--- Given data Enclosed Below ---

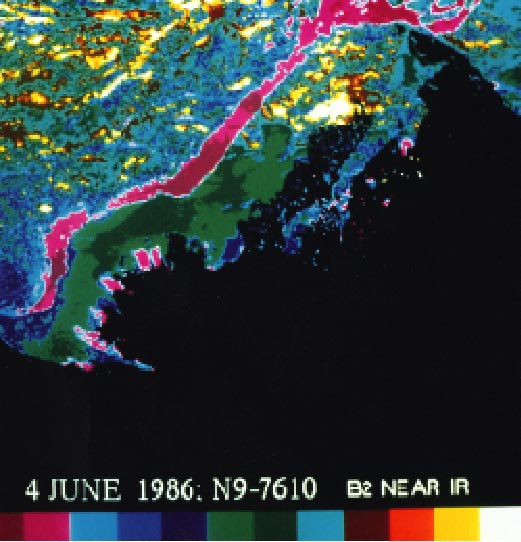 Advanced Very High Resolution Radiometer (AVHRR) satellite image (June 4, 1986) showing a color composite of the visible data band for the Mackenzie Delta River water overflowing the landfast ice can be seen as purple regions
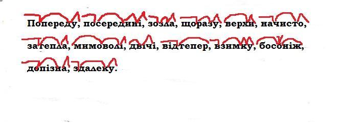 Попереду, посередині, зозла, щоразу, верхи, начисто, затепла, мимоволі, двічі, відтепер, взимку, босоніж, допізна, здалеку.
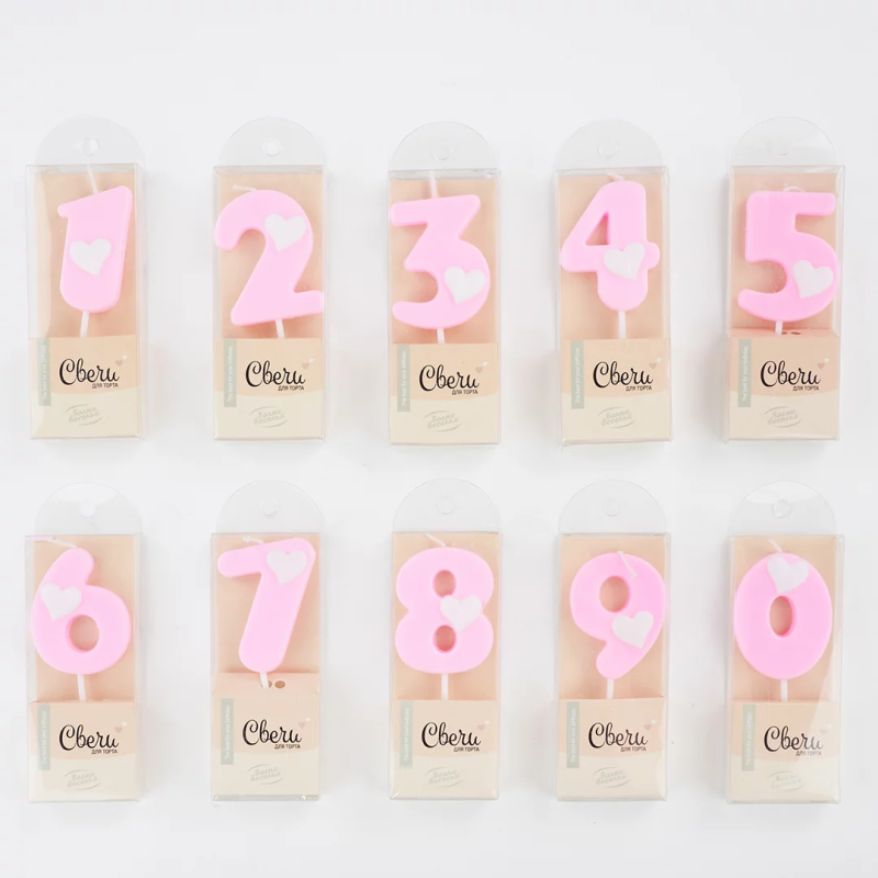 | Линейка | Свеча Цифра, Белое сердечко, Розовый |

--- End of Enclosed Given data ---

▶ _Your task_
Your copy must repeat the data word for word and show none of its images.

▶ _Completed exercise_
 Advanced Very High Resolution Radiometer (AVHRR) satellite image (June 4, 1986) showing a color composite of the visible data band for the Mackenzie Delta River water overflowing the landfast ice can be seen as purple regions
 Попереду, посередині, зозла, щоразу, верхи, начисто, затепла, мимоволі, двічі, відтепер, взимку, босоніж, допізна, здалеку.
 | Линейка | Свеча Цифра, Белое сердечко, Розовый |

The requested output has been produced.